Montgomery was again unable to play in BC's bowl game, the 1941 Sugar Bowl, contested in New Orleans. Comments from sportswriters of the era included "there's no use borrowing trouble when it can be avoided." BC defeated Tennessee, who also entered the bowl undefeated, by a score of 19–13.

The first interracial bowl game did not occur until after World War II, the 1948 Cotton Bowl Classic, and the Sugar Bowl did not integrate until its 1956 edition.

==Later life==
In June 1941, Montgomery was appointed to a staff position within the National Youth Administration. At the time, he was married and had one child. By the fall of 1941, Montgomery had organized a semi-professional football team known as the Boston Blackhawks, (Note: Some later sources refer to the team as the Black Eagles rather than Blackhawks.) which played in the New England area. The Blackhawks remained active as late as October 1947.

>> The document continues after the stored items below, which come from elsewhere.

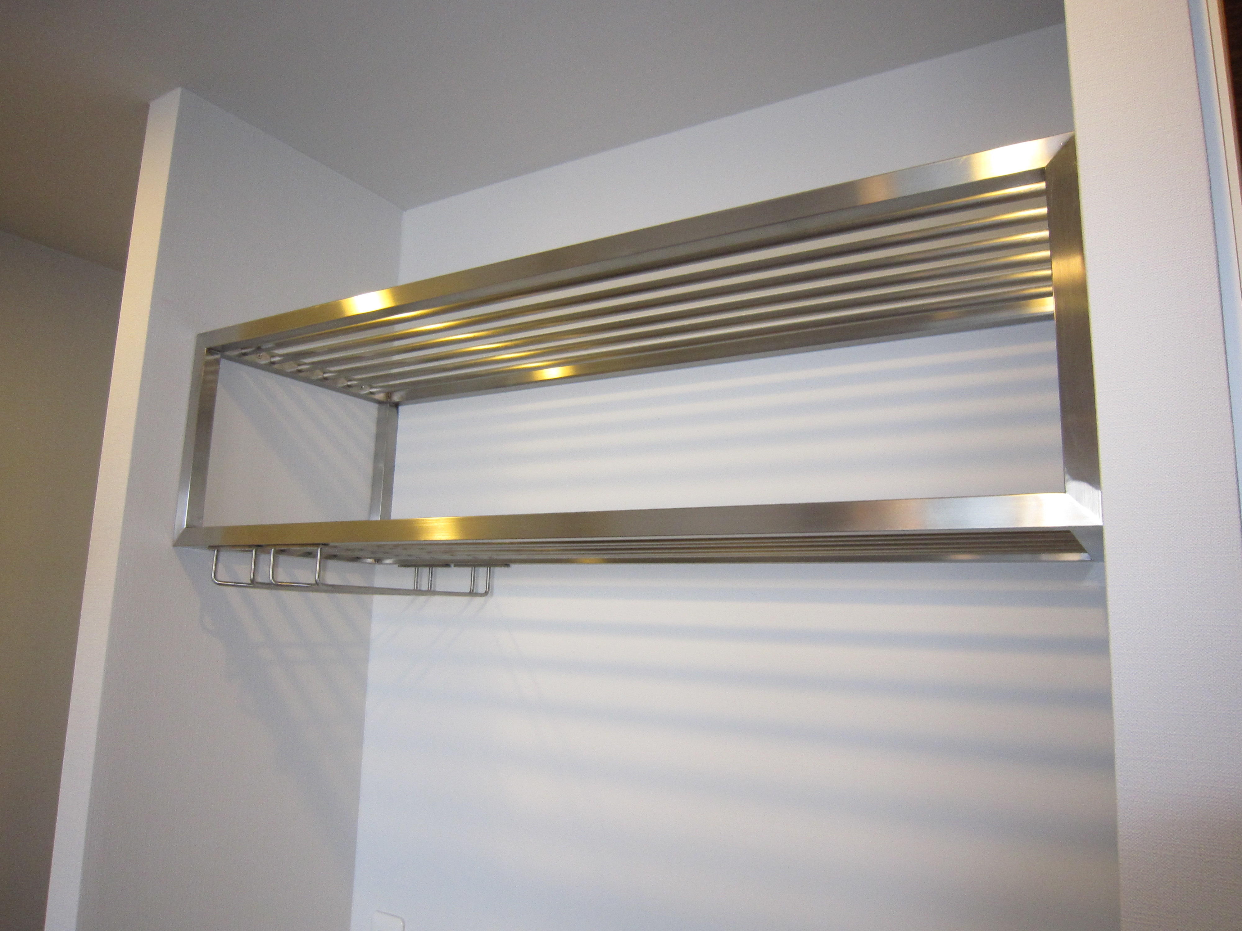 オープンキッチンのバルなどでオシャレに使われているパイプラックを取り付けたいというご希望でした。パイプラックは特注で制作、ワイングラスを逆さまに吊るすためのハンガーで使用したのは<HAFELE(ハーフェレ)>の物です。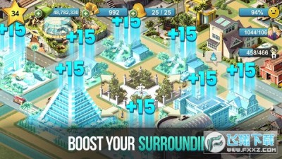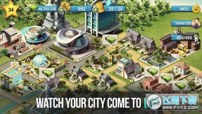 1、现代都市题材的模拟经营,采用高清精美的画风打造精美立体的现代都市,精致细腻的场景画面,模拟真实的现代都市环境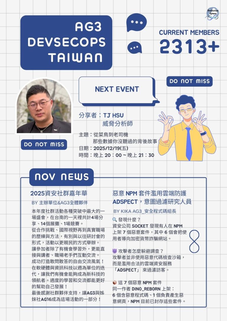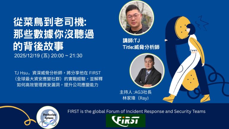 從菜鳥到老司機那些數據你沒聽過的背後故事_TJ Hsu / 2025年12月19日作者: DevSecOps Taiwan / 2025 年 12 月 19 日 「資安漏洞處理,是不是讓你常常覺得孤軍奮戰,像個菜鳥㇐樣手足無措,我將帶你從我的親身經歷出發,揭開那些你可能沒聽過的『數據』背後的故事,聽聽從菜鳥晉升為老司機的故事!我將帶大家㇐起探索全球最大的資安事件應變組織社群 FIRST。除了新聞,更是連結國際資安團隊、共享威脅情資、提升能力管道。想知道怎麼加入?加入後能跟誰㇐起打怪?這裡通通告訴你。是否曾為CVE處理感到頭痛?從產品供應商角度,分享析加入 CNA (CVE Numbering Authority) Project 對組織的影響。從接收漏洞、處理流程、到如何掌握 CVE 編號主導權,讓你的漏洞管理從被動變主動,效率與透明度瞬間飆升,更能強化你在資安生態系中的責任與公信力。最後在聊聊如何快速讀懂 CVE Record 和 Vendor Security Advisory 的眉角,讓你不再被㇐堆編號和術語搞得頭昏腦脹。讓你的資安之路不再孤單!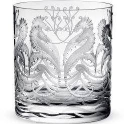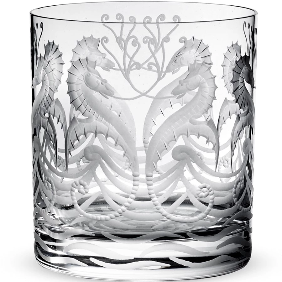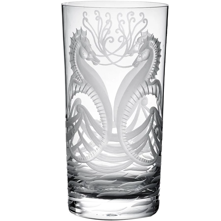 Elegant yet fun, Poseidon is inspired by the textile patterns of English designer Charles Francis Annesley Voysey, resulting in a stately procession of handsome seahorses gracing the sides of crystal with this motif from Artel. Handcrafted of special lead-free crystal from the Czech Republic, mouthblown and hand-engraved with diamond and stone wheels.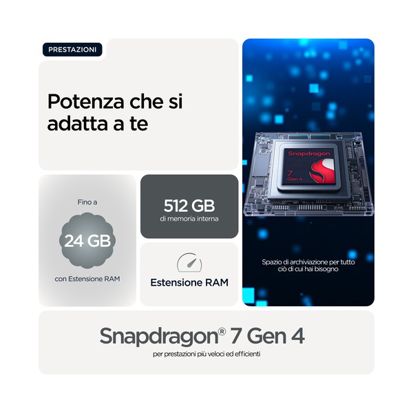 Potente e leggero. Sperimenta le prestazioni ultra-fluide di Snapdragon® 7 di 4ª generazione e fino a 512 GB di spazio per archiviare le tue creazioni.13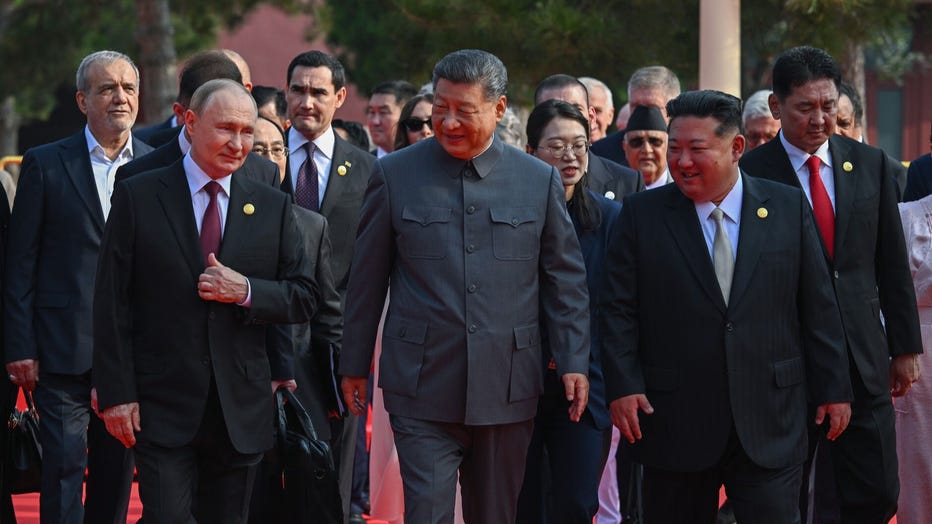 Leaders from about two dozen countries attended, including Russia's Vladimir Putin and a rare appearance from North Korea's Kim Jong Un. The two met formally for talks after attending the parade.

Montgomery later worked in Hartford, Connecticut, as an insurance agent, and eventually moved to California and worked for Western Airlines. He died on January 29, 1993, in Long Beach, California, aged 72. He was survived by two daughters.

==Legacy==
Montgomery was inducted to the Varsity Club Hall of Fame at BC in 1997. In 2012, he was added to BC football's list of honored jerseys at Alumni Stadium. (Note: As of 2025, BC football only has two official retired numbers, those of Doug Flutie (22) and Mike Ruth (68). At least 10 other players, including Montgomery, have "honored jerseys".)

In 2015, Montgomery was the subject of a documentary film entitled Lou Montgomery: A Legacy Restored. A sequel, Lou Montgomery: His Story is Our Story, was released in 2023.